* TASK DESCRIPTION
Write out an exact copy of the line containing "通过全部服务板块,可选择日常" and all lines that follow it in the data below, leaving out pictures.

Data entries
──────────

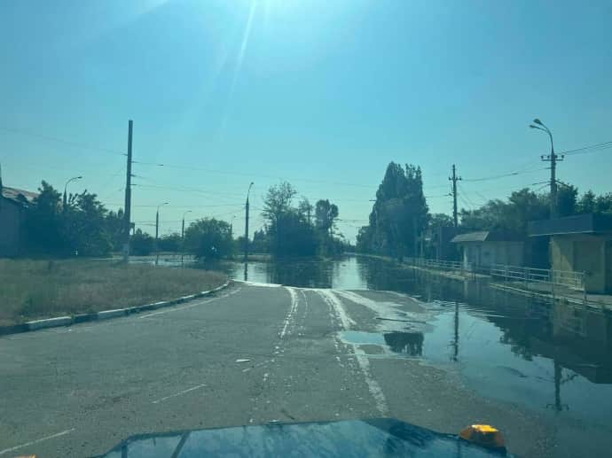 - У мікрорайоні Корабел у Херсоні вимкнули електропостачання у зв’язку з підтопленням, яке виникло в результаті підриву Каховської ГЕС окупантами.
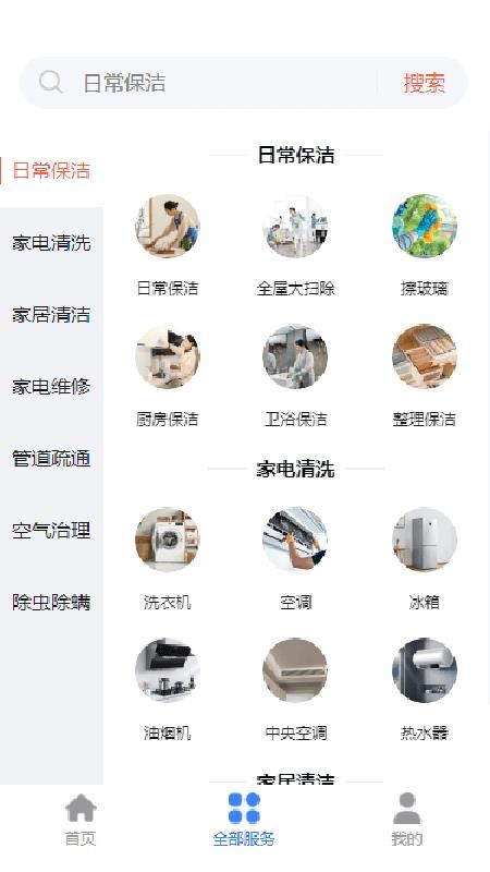 通过全部服务板块,可选择日常保洁、家电清洗、维修及管道疏通等家政项目。用户可以根据自身需求筛选服务类型,查看服务详情和价格,方便做出最佳选择。
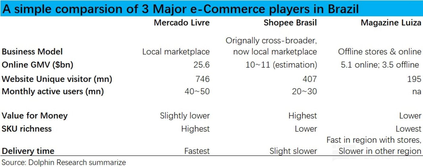 类比来看的话,海豚认为Meli、Shopee和Magazine Luiza这三家公司的模式和定位可粗略类比为中国的淘宝、拼多多和京东:
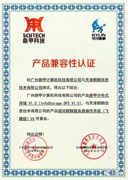 鼎甲科技與天津麒麟生態(tài)認證公告
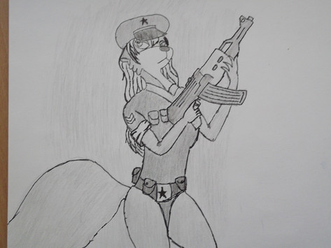 Some of you older watchers are probably familiar with Lizz. A long time ago I sketched this, hoping to colour it eventually. That was some two or three years ago, and now at last I picked it up and put it through photoshop.So there you go, enjoy Lizz soaking up some sunbeams on top of her Sukhoi's wing.

──────────

* WRITTEN SOLUTION
 通过全部服务板块,可选择日常保洁、家电清洗、维修及管道疏通等家政项目。用户可以根据自身需求筛选服务类型,查看服务详情和价格,方便做出最佳选择。
 类比来看的话,海豚认为Meli、Shopee和Magazine Luiza这三家公司的模式和定位可粗略类比为中国的淘宝、拼多多和京东:
 鼎甲科技與天津麒麟生態(tài)認證公告
 Some of you older watchers are probably familiar with Lizz. A long time ago I sketched this, hoping to colour it eventually. That was some two or three years ago, and now at last I picked it up and put it through photoshop.So there you go, enjoy Lizz soaking up some sunbeams on top of her Sukhoi's wing.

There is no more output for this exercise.